If a decade ago you told me Microsoft would leapfrog Google in the AI race (obviously albeit through OpenAI, but I think that separate org structure was key in the first place), I would have thought you were insane. Google invented the transformer architecture just 6 years ago. I recently compared ChatGPT (on the free, 3.5 version mind you, not even the 4 version) with Bard, and it wasn't even close - ChatGPT was the "Google" to Bard's "AltaVista" circa 2000 or so.

Would be curious to hear from some Googlers on their thoughts. I'm sure, internally, a lot of it must feel like piling on from the outside, but in all honestly it really feels to me like a classic case of "big company that lost its way". I can't express enough how much admiration and amazement I had for Google that started to tarnish about 10 years ago (I think it was when the whole first page became ads for any remotely commercial search, whenever that started). I honestly hope they are able to course correct (heck, Microsoft had their decade+ of "the Ballmer years" before they turned around).

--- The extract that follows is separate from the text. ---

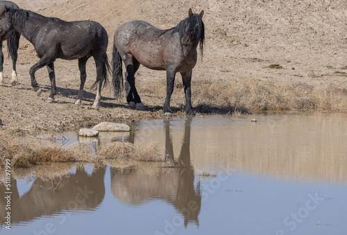© natureguy, Fototapeta premium Wild Horses Drinking at Desert Waterhole in Utah in Spring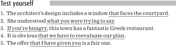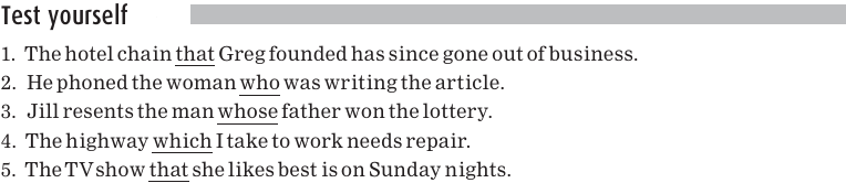 Relative clauses begin with one of the relative pronouns: that, which, who, whom, whose.

throwawa_goog · 2 years ago
Current Googler for close to a decade.

Another big problem is that the current leadership formed their leadership skills in history's longest bull run (2009-2020), and none of them seem to know how to be scrappy and get stuff done. Our engineering leadership loves to just sit around and pontificate about theoreticals. Without blinking an eye they'll happily block projects for months on end over minutiae that don't matter. Often even simple features would languish in design reviews for 6-12 months. A lot of my job is "driving for alignment" between dozens of stakeholders on any given project, often at the request of our eng leaders. There is an incredible amount of bureaucracy to get anything done. People who don't leap through every hoop get labeled as having "not enough technical rigor".

Our product team has begun to wisen up on how we need to start shipping more things. Currently a lot of the eng teams are caught between our eng leaders who move at the rate as molasses, and product teams who are pushing us to actually get things done. It'll be interesting to see who wins here.